WHAT YOU NEED TO DO
In the entries below, find the line containing "Figure 2 shows" and the line containing "Yogyakarta (Humas) –". Copy those two lines and everything between them exactly, without the pictures.

*** Opening EXCERPTED DATA ***

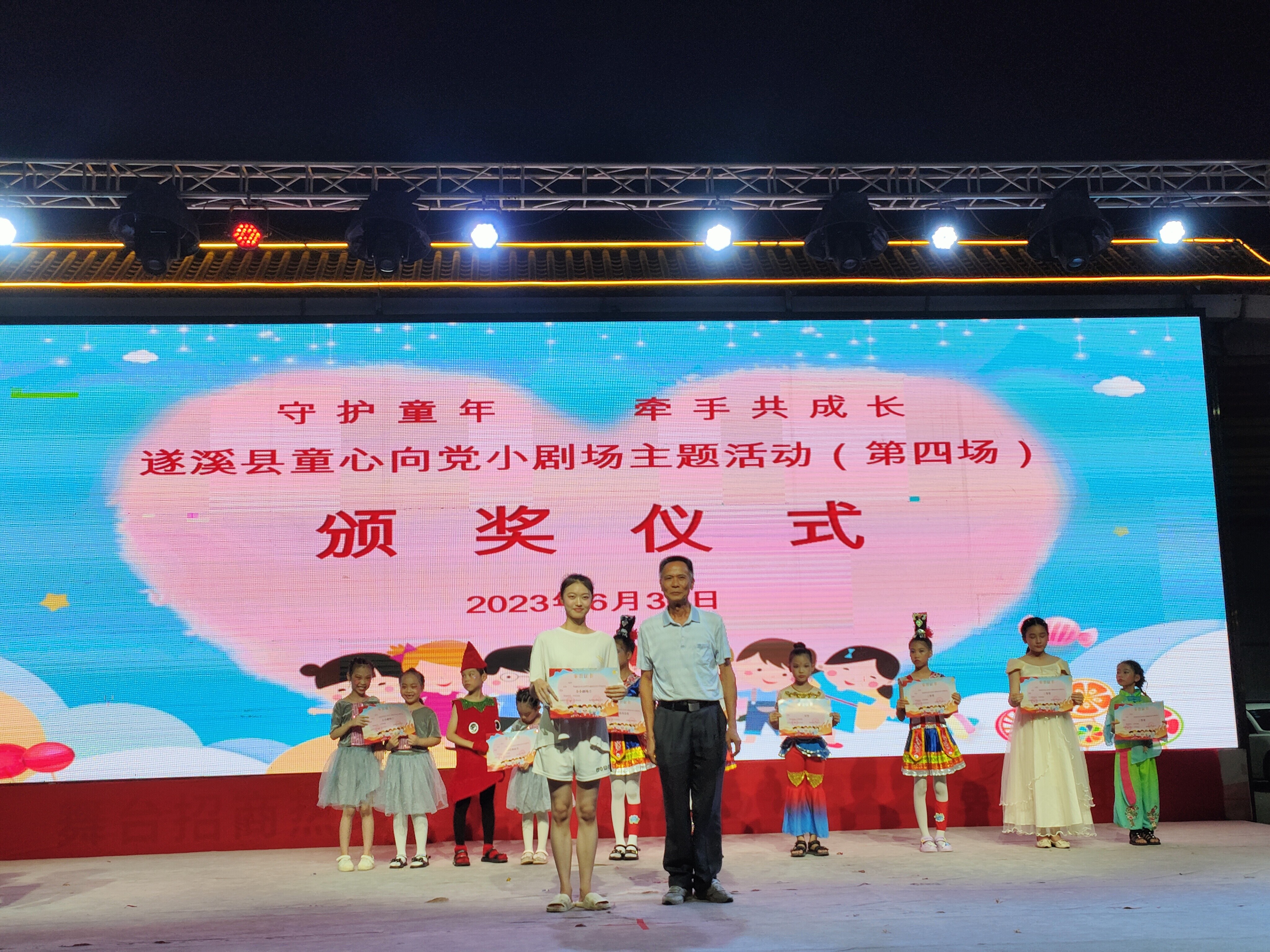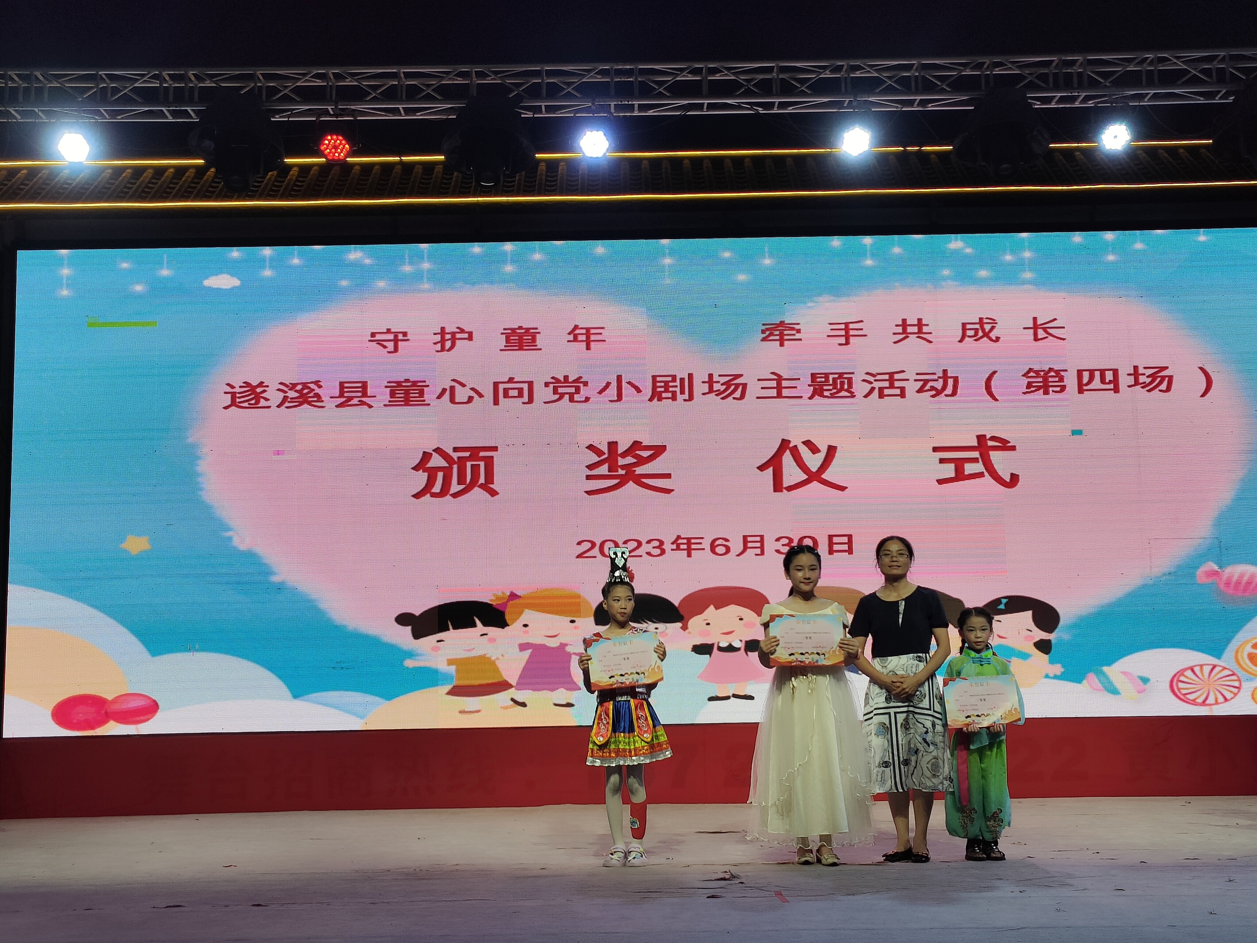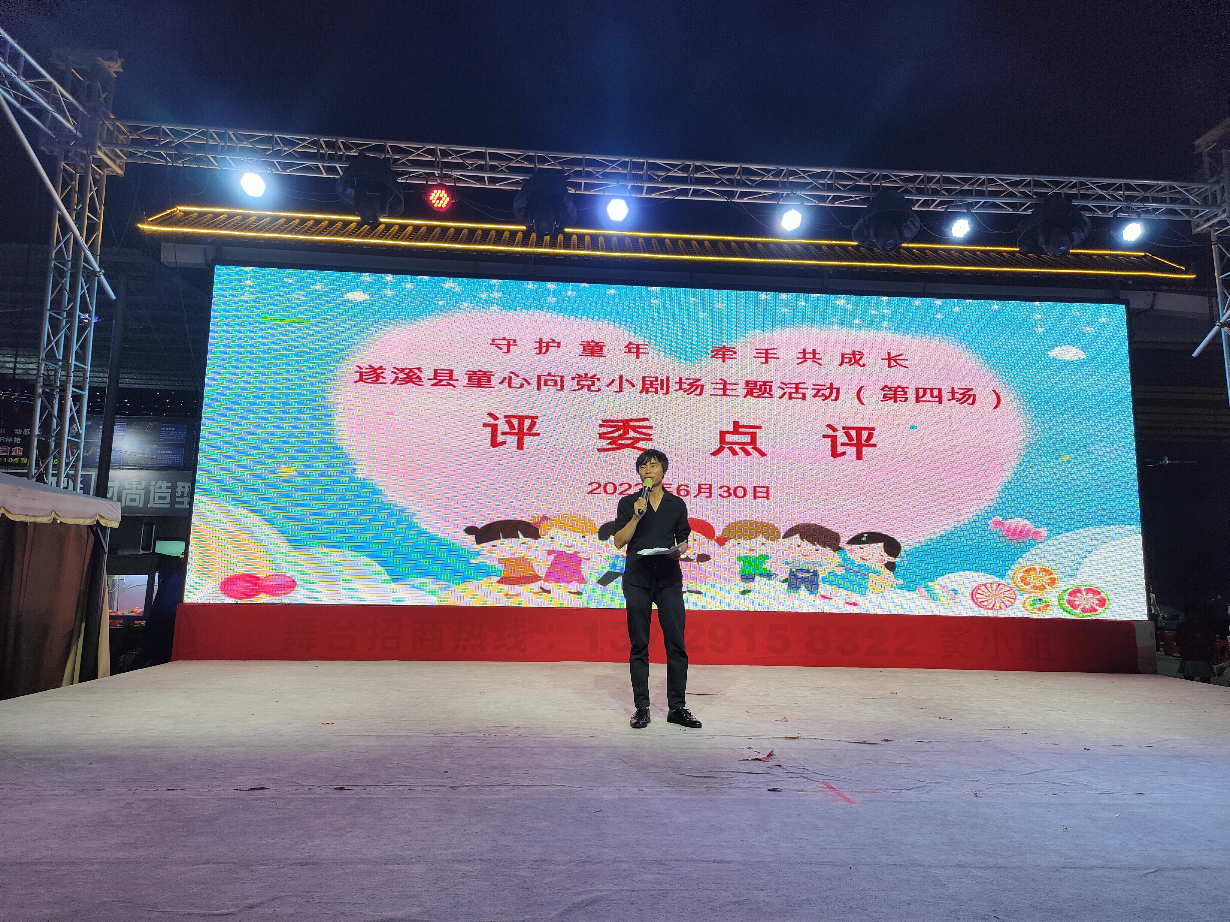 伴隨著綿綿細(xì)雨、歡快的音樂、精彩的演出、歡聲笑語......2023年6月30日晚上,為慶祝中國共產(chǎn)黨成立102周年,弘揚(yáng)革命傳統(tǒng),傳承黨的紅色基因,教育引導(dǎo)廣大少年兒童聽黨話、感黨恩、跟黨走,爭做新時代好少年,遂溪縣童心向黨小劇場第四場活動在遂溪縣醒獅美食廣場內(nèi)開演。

*** Closing EXCERPTED DATA ***
*** Opening EXCERPTED DATA ***

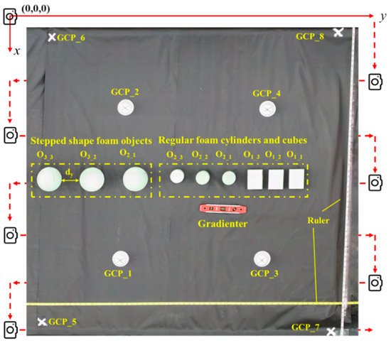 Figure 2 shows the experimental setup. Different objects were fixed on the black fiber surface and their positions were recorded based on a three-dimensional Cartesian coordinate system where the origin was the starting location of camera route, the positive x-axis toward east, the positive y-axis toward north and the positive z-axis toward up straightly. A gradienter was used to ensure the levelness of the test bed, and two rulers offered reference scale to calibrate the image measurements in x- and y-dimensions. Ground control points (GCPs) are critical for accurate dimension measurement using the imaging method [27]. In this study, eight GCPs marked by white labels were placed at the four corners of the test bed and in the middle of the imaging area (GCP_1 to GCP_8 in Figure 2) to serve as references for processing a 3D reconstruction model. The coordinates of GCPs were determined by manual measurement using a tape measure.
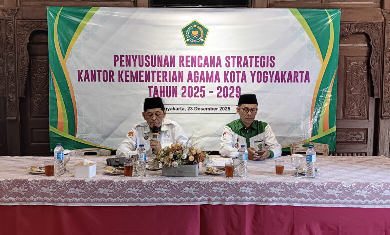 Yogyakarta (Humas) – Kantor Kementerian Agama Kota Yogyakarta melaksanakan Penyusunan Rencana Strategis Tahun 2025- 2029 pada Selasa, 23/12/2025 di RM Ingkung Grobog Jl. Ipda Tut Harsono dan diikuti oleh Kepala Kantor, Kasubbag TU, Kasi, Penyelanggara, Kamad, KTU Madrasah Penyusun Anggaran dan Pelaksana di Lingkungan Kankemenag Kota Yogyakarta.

*** Closing EXCERPTED DATA ***
*** Opening EXCERPTED DATA ***

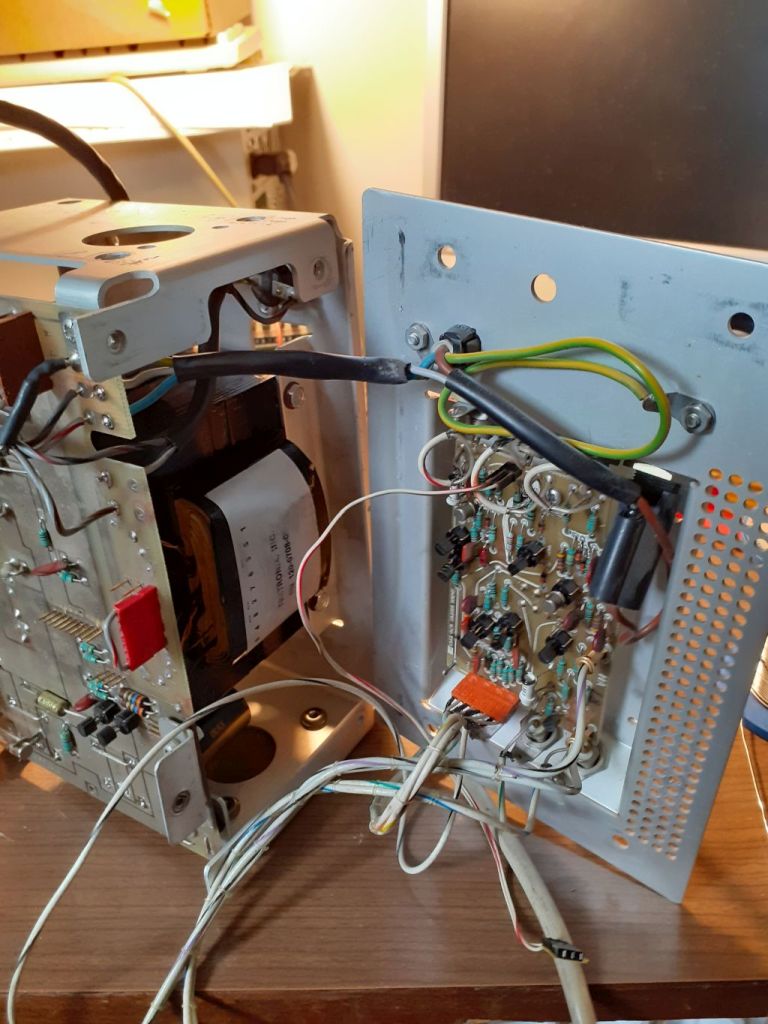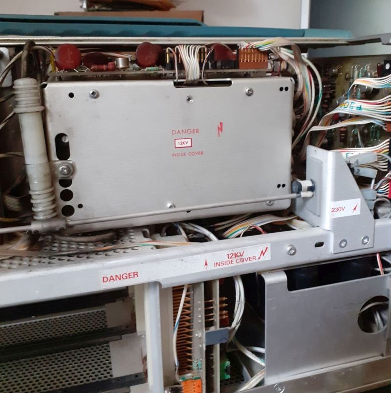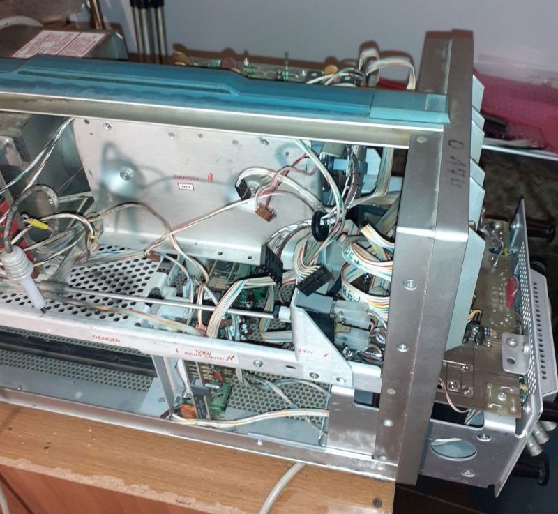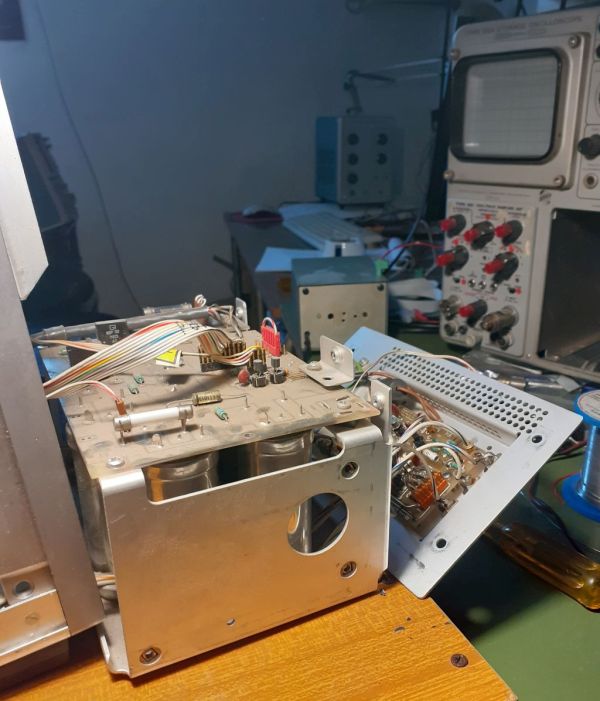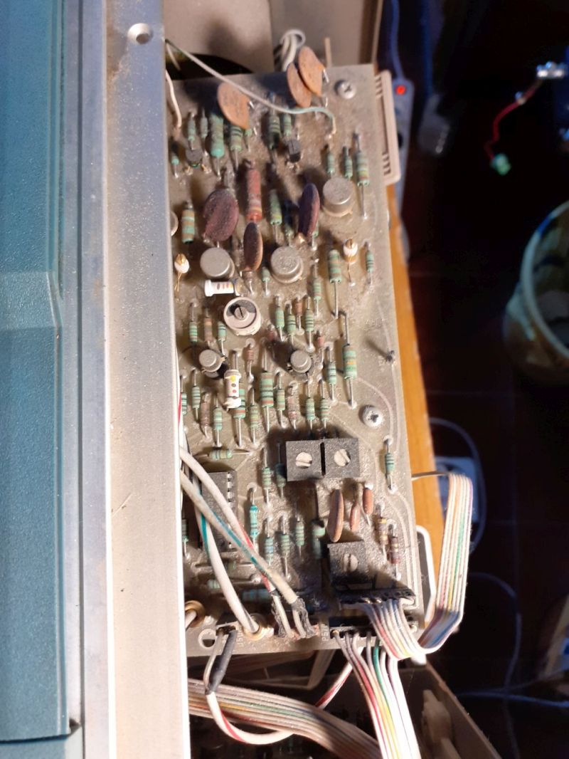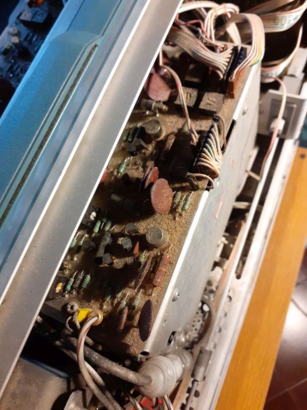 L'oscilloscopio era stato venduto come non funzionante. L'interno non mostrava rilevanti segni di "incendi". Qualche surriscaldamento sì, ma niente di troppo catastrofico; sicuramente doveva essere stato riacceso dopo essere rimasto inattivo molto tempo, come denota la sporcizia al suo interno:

*** Closing EXCERPTED DATA ***

ANSWER SECTION
 Figure 2 shows the experimental setup. Different objects were fixed on the black fiber surface and their positions were recorded based on a three-dimensional Cartesian coordinate system where the origin was the starting location of camera route, the positive x-axis toward east, the positive y-axis toward north and the positive z-axis toward up straightly. A gradienter was used to ensure the levelness of the test bed, and two rulers offered reference scale to calibrate the image measurements in x- and y-dimensions. Ground control points (GCPs) are critical for accurate dimension measurement using the imaging method [27]. In this study, eight GCPs marked by white labels were placed at the four corners of the test bed and in the middle of the imaging area (GCP_1 to GCP_8 in Figure 2) to serve as references for processing a 3D reconstruction model. The coordinates of GCPs were determined by manual measurement using a tape measure.
 Yogyakarta (Humas) – Kantor Kementerian Agama Kota Yogyakarta melaksanakan Penyusunan Rencana Strategis Tahun 2025- 2029 pada Selasa, 23/12/2025 di RM Ingkung Grobog Jl. Ipda Tut Harsono dan diikuti oleh Kepala Kantor, Kasubbag TU, Kasi, Penyelanggara, Kamad, KTU Madrasah Penyusun Anggaran dan Pelaksana di Lingkungan Kankemenag Kota Yogyakarta.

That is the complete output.